When a project reaches major version v1 it is considered stable.
Learn more about best practices

Repository

github.com/NTHU-LSALAB/DRAGON

Links

Open Source Insights

README ¶

DRAGON

K8s Custom Resource and Operator for Distributed TensorFlow Training Jobs with Parameter Server and Worker Strategy

Overview

Fork from kubeflow/tf-operator.

DRAGON makes it easy to deploy distributed parameter server TensorFlow training jobs with automatic scheduling and scaling strategies.

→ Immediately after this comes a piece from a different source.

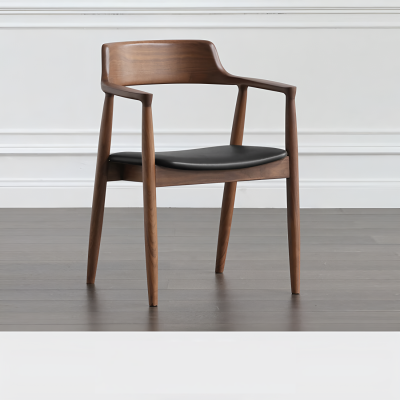 洛来宝会议靠背椅洽谈椅 胡桃木 黑色牛皮

DRAGON bypass the kube-scheduler, directly assigns the location to every distributed training components. DRAGON is a custom scheduler for distributed TensorFlow training jobs.

Installation

Installation depends on various use cases:

Training with CPU

kubectl create -f https://lsalab.cs.nthu.edu.tw/~ericyeh/DRAGON/v0.9/crd.yaml
kubectl create -f https://lsalab.cs.nthu.edu.tw/~ericyeh/DRAGON/v0.9/dragon.yaml

Training with NVIDIA GPU (NVIDIA GPU)

# K8s with NVIDIA GPU device plugin installed
kubectl create -f https://lsalab.cs.nthu.edu.tw/~ericyeh/DRAGON/v0.9/crd.yaml
kubectl create -f https://lsalab.cs.nthu.edu.tw/~ericyeh/DRAGON/v0.9/dragon.yaml

Training with portion NVIDIA GPU allocation (KubeShare)

# K8s with KubeShare installed
kubectl create -f https://lsalab.cs.nthu.edu.tw/~ericyeh/DRAGON/v0.9/crd.yaml
kubectl create -f https://lsalab.cs.nthu.edu.tw/~ericyeh/DRAGON/v0.9/dragon-kubeshare.yaml

TFJobs

TFJob is a CRD, which describes the resource usage and how to run the job. DRAGON will deploy and schedule Pods according to the TFJob.

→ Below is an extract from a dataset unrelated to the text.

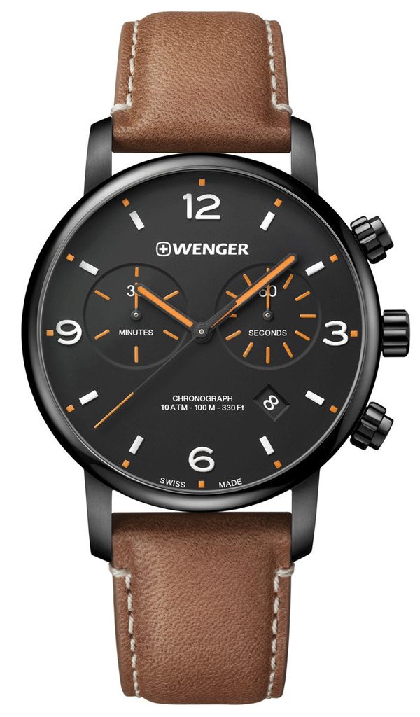 Pánské náramkové hodinky Wenger Urban Metropolitan Chrono 01.1743.113 mají pouzdro vyrobeno z kvalitní oceli s černou PVD úpravou. Jejich hlavní předostí je precizně zpracovaný ciferník, kterému dominují 2 subciferníky pro potřeby stopek a vteřinové ručky.

apiVersion: kubeflow.org/v1
kind: TFJob
metadata:
  name: job1
spec:
  max-instances: 4
  min-instances: 1
  cleanPodPolicy: "All"
  tfReplicaSpecs:
    PS:
      replicas: 1
      restartPolicy: OnFailure
      template:
        spec:
          terminationGracePeriodSeconds: 0
          containers:
          - name: tensorflow
            image: tensorflow/tensorflow:1.15.0-py3
            command: ["/bin/bash", "-c", "curl -s https://lsalab.cs.nthu.edu.tw/~ericyeh/DRAGON/mnist-df.py | python3 -"]
            ports:
            - containerPort: 2222
              name: tfjob-port
            resources:
              limits:
                cpu: "4"
                memory: "8Gi"
    Worker:
      replicas: 4
      restartPolicy: OnFailure
      template:
        spec:
          terminationGracePeriodSeconds: 0
          containers:
          - name: tensorflow
            image: tensorflow/tensorflow:1.15.0-py3
            command: ["/bin/bash", "-c", "curl -s https://lsalab.cs.nthu.edu.tw/~ericyeh/DRAGON/mnist-df.py | python3 -"]
            env:
            - name: "global_steps"
              value: "100000"
            ports:
            - containerPort: 2222
              name: tfjob-port
            resources:
              limits:
                cpu: "4"
                memory: "8Gi"

spec.max-instances: maximum number of workers to run simultaneously.
spec.min-instances: minimum number of workers to run simultaneously.
spec.cleanPodPolicy: set to "All".
spec.tfReplicaSpecs.PS.replicas: number of distributed tensorflow parameter server.
spec.tfReplicaSpecs.PS.restartPolicy: restart policy for all replicas of parameter server.
spec.tfReplicaSpecs.PS.template: parameter server PodSpec.
spec.tfReplicaSpecs.Worker.replicas: the initial number of distributed tensorflow worker, could be scaled bewteen spec.min-instances and spec.max-instances.
spec.tfReplicaSpecs.Worker.restartPolicy: restart policy for all replicas of worker.
spec.tfReplicaSpecs.PSWorker.template: worker PodSpec.
spec.tfReplicaSpecs.{PS,Worker}.template.spec.containers[N].name: set to "tensorflow", which means that containers[N] is used to determine the job status.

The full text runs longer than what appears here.